Winner of the 2020 Jordan Schnitzer Book Award in Social Science, Anthropology, and Folklore Honorable Mention, 2021 Saul Viener Book Prize
The Jews’ Indian investigates the history of American Jewish relationships with Native Americans, both in the realm of cultural imagination and in face-to-face encounters. These two groups’ exchanges were numerous and diverse, proving at times harmonious when Jews’ and Natives people’s economic and social interests aligned, but discordant and fraught at other times. American Jews could be as exploitative of Native cultural, social, and political issues as other American settlers, and historian David Koffman argues that these interactions both unsettle and historicize the often triumphant consensus history of American Jewish life. Focusing on the ways Jewish class mobility and civic belonging were wrapped up in the dynamics of power and myth making that so severely impacted Native Americans, this books is provocative and timely, the first history to critically analyze Jewish participation in, and Jews’ grappling with the legacies of Native American history and the colonial project upon which America rests.

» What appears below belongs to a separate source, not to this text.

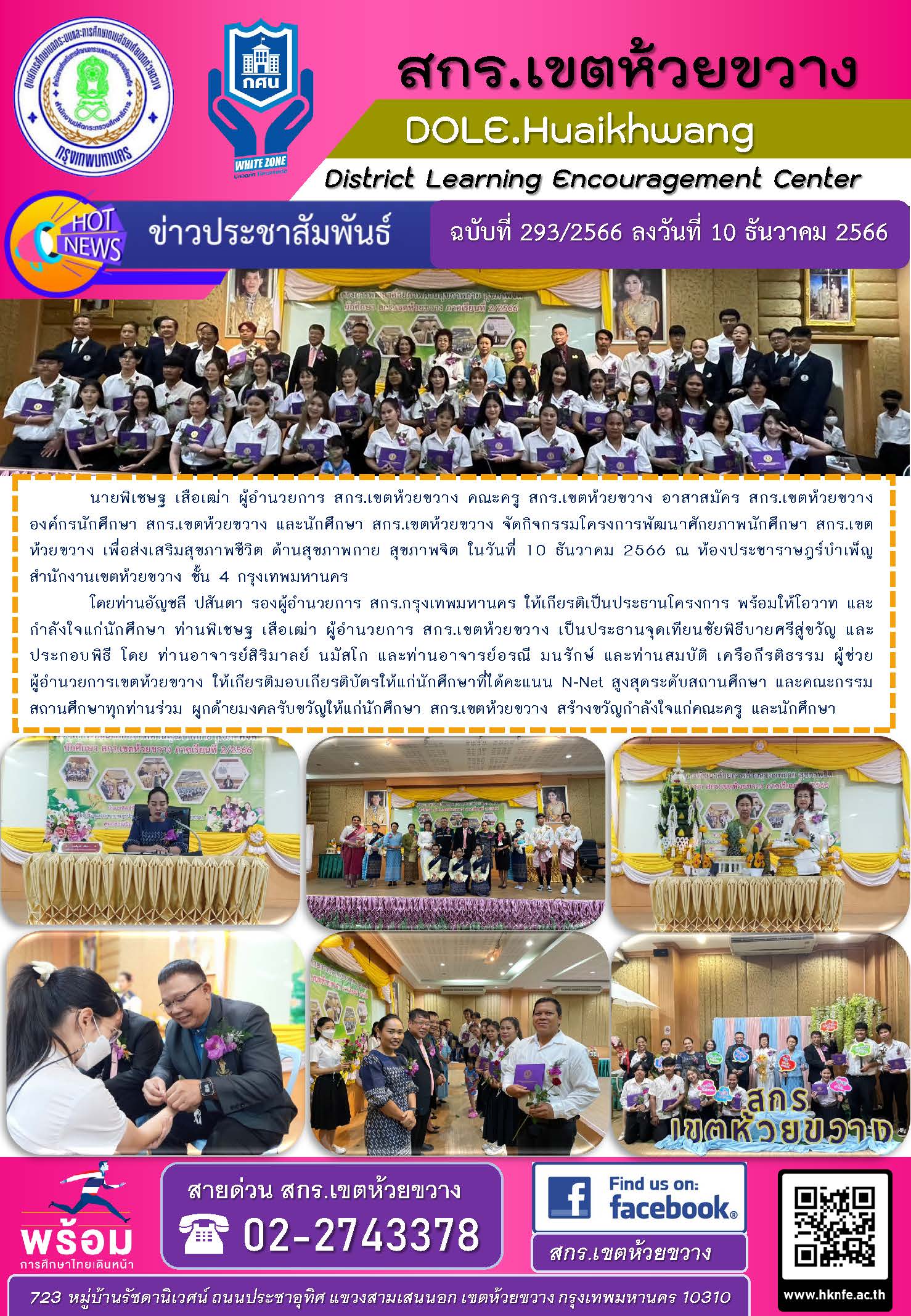 นายพิเชษฐ เสือเฒ่า ผู้อำนวยการ สกร.เขตห้วยขวาง คณะครู สกร.เขตห้วยขวาง อาสาสมัคร สกร.เขตห้วยขวาง องค์กรนักศึกษา สกร.เขตห้วยขวาง และนักศึกษา สกร.เขตห้วยขวาง จัดกิจกรรมโครงการพัฒนาศักยภาพนักศึกษา สกร.เขตห้วยขวาง เพื่อส่งเสริมสุขภาพชีวิต ด้านสุขภาพกาย สุขภาพจิต ในวันที่ 10 ธันวาคม 2566 ณ ห้องประชาราษฎร์บำเพ็ญ สำนักงานเขตห้วยขวาง ชั้น 4 กรุงเทพมหานคร
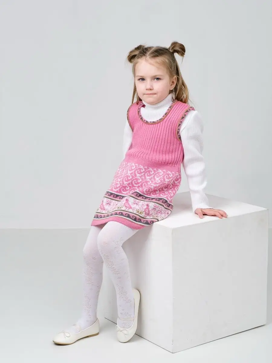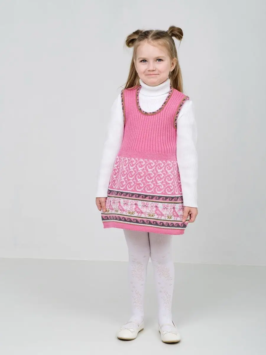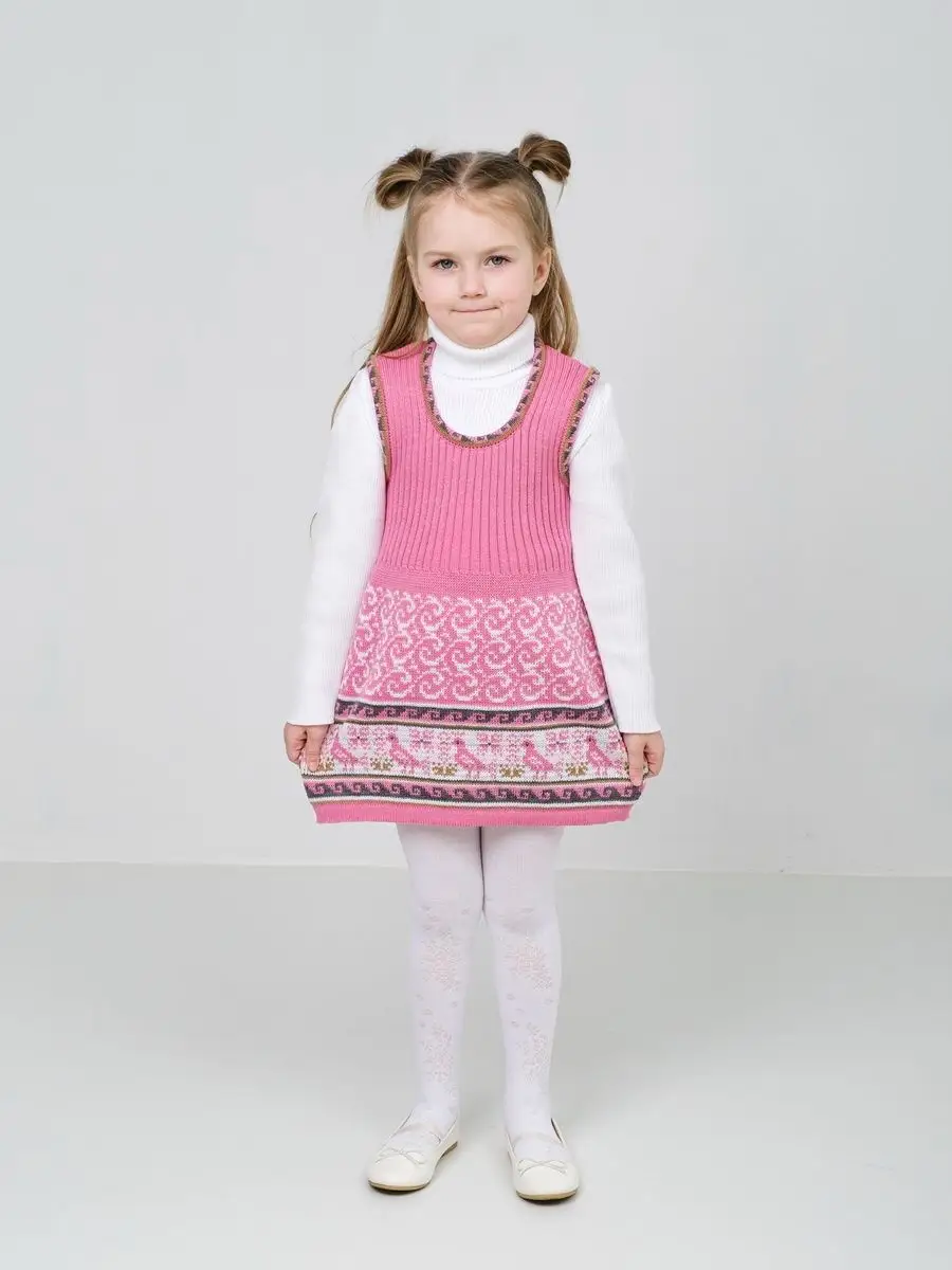 Сарафан для девочки вязаный с орнаментом. Сарафан платье выполнен из гипоаллергенной пряжи, поэтому юной моднице будет в нем комфортно, а благодаря полуприлегающему крою и вязке "резинкой" не стесняет движения. Сарафан для девочки в садик выполнен в технике жаккард, что делает модель нарядной и оригинальной. Сарафан подойдёт как для повседневной носки, так и на праздничный выход на утренник, день рождения, в цирк или в театр. При выборе размера советуем руководствоваться таблицей в карточке товара.

It took me awhile to get into this academic book, but it started to come alive for me in the discussion of the 20th c advocacy work, which is of real interest to me. Was also fascinated to learn about the Jews leading role in trading posts and curios business. I found the early chapters hard to follow, as examples jumped around chronologically, and it gave me the impression, as a nonexpert, of possibly cherry picking cases to buttress the author's point. All in all, I enjoyed the book, but in no way an easy read.